Он услышал ровное и спокойное дыхание Альбертины, узнал очертание ее головы в мягком гнезде подушек, и, совершенно неожиданно, чувство нежности и даже уютной безопасности пронизало все его существо. Он на месте решил как можно скорей, быть может завтра, рассказать Альбертине всю историю прошлой ночи, но в такой форме, как если б все пережитое было сном, — и только потом, когда она почувствует и осмыслит всю незначительность его приключений, — только тогда он признается ей откровенно, что все это было наяву.

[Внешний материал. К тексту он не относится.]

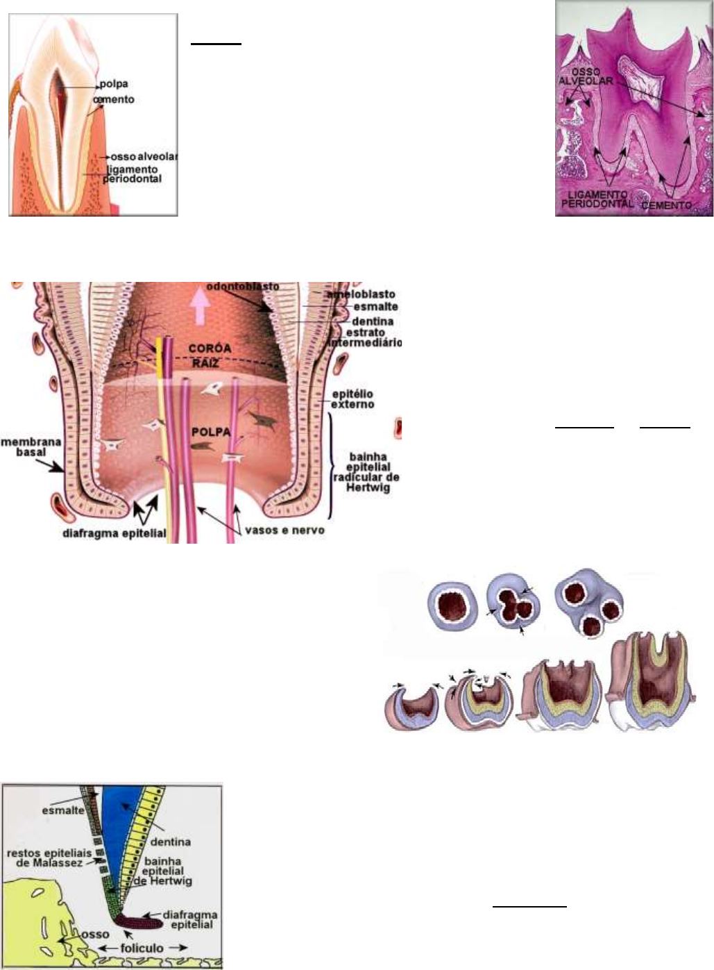 2019 Odontologia FAPI 1 PERIODONTO DE SUSTENTAÇÃO O periodonto de sustentação é o aparelho de fixação dos dentes e consiste de: cemento, osso alveolar e ligamento periodontal. Compreende portanto, três tecidos conjuntivos, sendo dois mineralizados e um fibroso. A formação do periodonto de sustentação coincide com a rizogênese. Possuem a mesma origem ectomesenquimal do folículo e dependem da formação da dentina radicular e da presença da bainha radicular epitelial de Hertwig. 1. RIZOGÊNESE No final da fase de coroa, quando os eventos de diferenciação alcançam a região da alça cervical, as células epiteliais do epitélio interno e externo continuam a proliferar, originando uma dupla camada de células que dará origem a outra estrutura: a bainha epitelial radicular de Hertwig que tem por finalidade modelar e formar a dentina radicular, até a completa formação da raiz. A Bainha de Hertwig, determina a formação de dentes unirradiculares (quando a bainha contorna todo o dente assumindo a forma de um tubo cônico simples com um único orifício). Nos dentes bi ou multirradiculares a bainha de Hertwig forma lingüetas epiteliais que se dirigem para o longo eixo do dente fusionando-se entre si. Assim, estabelece a formação do soalho da câmara pulpar e agora aquele orifício único fica dividido em dois ou três orifícios que correspondem a base das futuras raízes. A alça cervical prolifera entre a papila e o folículo dentário num ângulo agudo até englobar toda a porção basal da papila, formando um diafragma epitelial. As células da camada interna da bainha epitelial radicular de Hertwig induzem as células ectomesenquimais da papila dentária a se diferenciarem em odontoblastos e estes, recém-diferenciados formam a dentina radicular, aumentando gradualmente o comprimento da raiz. Com o início da formação radicular, a coroa do dente cresce no sentido oposto à base do osso, e a bainha radicular, na verdade, não cresce para dentro dos maxilares. Devido às modificações nesse crescimento, a bainha radicular é distendida e por fim ela se fragmenta, para formar vários grupamentos discretos de células epiteliais, separadas do tecido conjuntivo circundante por uma lâmina basal, conhecidos como restos epiteliais de Malassez. 2019 Odontologia FAPI 2 Em adultos, esses restos de células epiteliais persistem próximo à superfície radicular, no ligamento periodontal. Embora aparentemente sem função, eles podem causar patologias. A fragmentação da bainha radicular epitelial de Hertwig induz a diferenciação das células do folículo em cementoblastos. secretando a matriz orgânica do cemento. As células do lado externo do folículo diferenciam-se em osteoblastos, formando o osso alveolar. A região central do folículo se diferencia principalmente em fibroblastos e forma o ligamento periodontal. As fibras colágenas principais do ligamento periodontal (fibras de Sharpey) ficarão inseridas no cemento e osso alveolar. 2. CEMENTO O cemento representa um tecido conjuntivo mineralizado, avascular, que tem como principal função a inserção de fibras do ligamento periodontal a raiz do dente. Trata-se de um tecido muito semelhante ao osso, porém não possui a capacidade de remodelação, no entanto geralmente é mais resistente a reabsorção, crescendo lentamente por aposição, por todo vida. O cemento recobre a dentina radicular, e modifica sua espessura dependendo da localização: próximo a junção esmalte-cemento é mais delgado (20 a 50 µm) e torna-se mais espesso a medida que se aproxima do ápice da raiz (150 a 200 µm). Pela ausência de vascularização, o tecido cementário é nutrido pela difusão de substâncias advindas do ligamento periodontal. 2.1 Cementogênese A aposição do cemento, ou cementogênese, na região da raiz, ocorre quando a bainha epitelial dc Hertwig desintegra-se. Essa desintegração da bainha permite que as células indiferenciadas do folículo dentário entrem em contato com a superfície da dentina da raiz recém-formada. Assim, quando há essa exposição da dentina radicular, ocorre a indução dessas células mesenquimais indiferenciadas em se transformarem em cementoblastos e fibroblastos, respectivamente para originar o cemento e o ligamento periodontal. Os cementoblastos, rapidamente aumentam de tamanho e desenvolvem organelas citoplasmáticas especializadas na síntese e secreção de proteínas, iniciando a deposição de matriz orgânica do cemento que consiste de fibras colágenas intrínsecas e outras proteínas, sobre a superfície dentinária radicular e ao redor dos feixes de fibras colágenas do ligamento periodontal em formação (fibras extrínsecas ou fibras de Sharpey). A medida que o cementóide que envolve os cementócitos se torna calcificado ou maduro, passa a ser considerado cemento. Esta matriz orgânica é depositada ritmicamente em lamelas sucessivas, sempre seguidas pela mineralização por cristais de hidroxiapatita e deste modo, os cementoblastos se encerram em lacunas intercomunicantes, diferenciando-se em cementócitos. 2019 Odontologia FAPI 3 2.2 Classificação do cemento Quanto ao período de formação e presença de células: Primário (acelular): é o cemento que se forma juntamente com a dentina radicular e na presença da bainha epitelial, portanto, antes mesmo da erupção do dente. A deposição mineral e feita de maneira incremental e não apresenta células. Secundário (celular): formado durante o período pós-eruptivo e durante certas exigências funcionais. Possui células. Quanto a presença de fibrilas colágenas na matriz Cemento afibrilar: Cemento que possui matriz desprovida de fibrilas colágenas tipo I. Desta forma, a matriz tende a ser fina e de consitência granular. Cemento fibrilar: Cemento que contém fibrilas bem definidas e colágeno tipo I. Pela origem das fibrilas colágenas da matriz - Fibras intrínsecas do cemento: Cemento que contém fibras p

— Наяву? — переспросил он себя и в то же мгновение заметил совсем близко от лица Альбертины, на соседней, на своей подушке что-то темное, отграниченное — как бы затемненный профиль человеческого лица. Только на секунду у него защемило сердце, а в следующую он уже знал, в чем дело, потянулся к подушке, схватил маску, в которой он был прошлой ночью, маску, нечаянно выпавшую из свертка маскарадных аксессуаров сегодня утром, когда он прятал концы в воду. Очевидно, ее подобрала горничная или сама Альбертина…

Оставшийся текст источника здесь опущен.